What class do you most enjoy teaching?

Actually I most enjoy teaching the introductory larger courses. Yes there are a lot of students and it’s very difficult to get to know the students but there’s a lot of different ways to foster that. The brain scientist in me sees the brains of people in intro classes as very valuable and open. If I can get them excited about neuroscience and the brain that’s great. The opportunity to light the fire is exciting and challenging. At the same time I enjoy teaching the smaller senior level seminars where we can really get to some detailed questions because people have acquired so much background over four years. So both are rewarding.

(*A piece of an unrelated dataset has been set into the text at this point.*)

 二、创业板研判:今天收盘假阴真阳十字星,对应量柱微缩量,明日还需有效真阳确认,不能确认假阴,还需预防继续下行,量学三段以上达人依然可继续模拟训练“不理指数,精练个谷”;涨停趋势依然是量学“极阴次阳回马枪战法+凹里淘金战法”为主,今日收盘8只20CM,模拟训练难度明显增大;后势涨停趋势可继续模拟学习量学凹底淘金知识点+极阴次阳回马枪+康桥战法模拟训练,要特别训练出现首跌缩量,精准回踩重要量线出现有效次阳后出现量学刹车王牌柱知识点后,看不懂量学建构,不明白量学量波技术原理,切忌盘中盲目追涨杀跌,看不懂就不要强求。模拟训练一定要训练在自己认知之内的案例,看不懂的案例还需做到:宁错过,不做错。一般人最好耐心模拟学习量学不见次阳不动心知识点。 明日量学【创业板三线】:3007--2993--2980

Why did you decide to come to Dartmouth?
I think in large part because I think Dartmouth is honestly one of the few places that strikes this balance between valuing undergraduate education and creating new knowledge, whether that’s art or a bio lab or writing a book.  Faculty here are not only really good teachers but are also doing cutting- edge work. I find that attractive as opposed to places where faculty teach in a classroom and that’s all they’re really supposed to do, for instance at a small liberal arts college or at the other side in the large state institution where faculty just do research and grad students do the teaching. So I think Dartmouth has pulled faculty who really want to do both, and if they didn’t they wouldn’t be here, they’d go to one of those other institutions. So I think that makes for the ideal environment because I want to do both and students can really reap those benefits and get involved with us in research. I think a full 25 percent of the Dartmouth undergraduate student body gets involved in one-on-one research with faculty and I think that’s fabulous. And honestly Dartmouth students are brilliant and being surrounded by so many smart people is personally very exciting. There is a broad interest campus-wide in the brain and how it controls behavior.

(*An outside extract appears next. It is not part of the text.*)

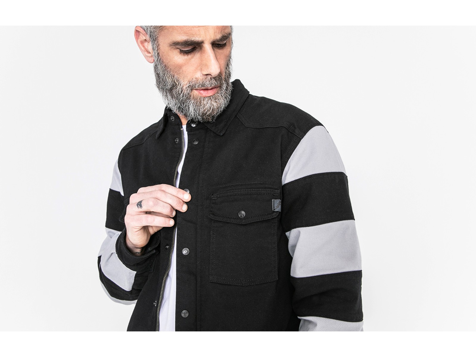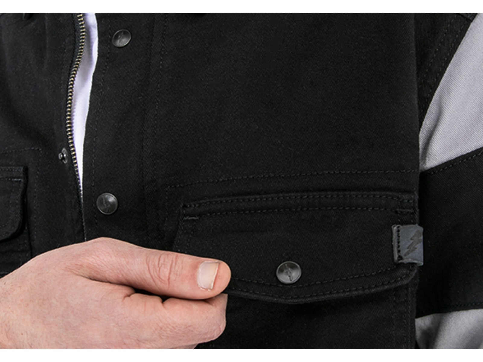 Möglich ist das durch den Innenstoff aus unserer XTM® Fiber und in Verbindung mit den Protektoren im Schulter-, Ellenbogen- (inklusive) und Rückenbereich (separat erhältlich). Das Motoshirt XTM® hat zwei Brusttaschen mit Drückknöpfen und zwei Innentaschen (eine mit Zipper, eine mit Klett).

Do you find it hard to strike this balance between teaching, research, and personal life?

There’s always another student to talk to, another paper to read, another paper to write. It is hard to walk away and call it a day. By the same token I think Dartmouth is a place where faculty and students alike have a life outside of the classroom. We’re surrounded by this natural beauty of Northern New England. So I think there’s a healthy appreciation here for family life and doing things off-campus that everybody shares so I think it makes it a little easier to close the door and go home at the end of the day. But I have to say that when the kids go to bed and everyone else is sleeping, I’m more likely than not on the computer and doing some work at home for several hours into the night. Perhaps no one sees that but many faculty work 50, 60, 70, 80 hours a week and there’s plenty of work to do.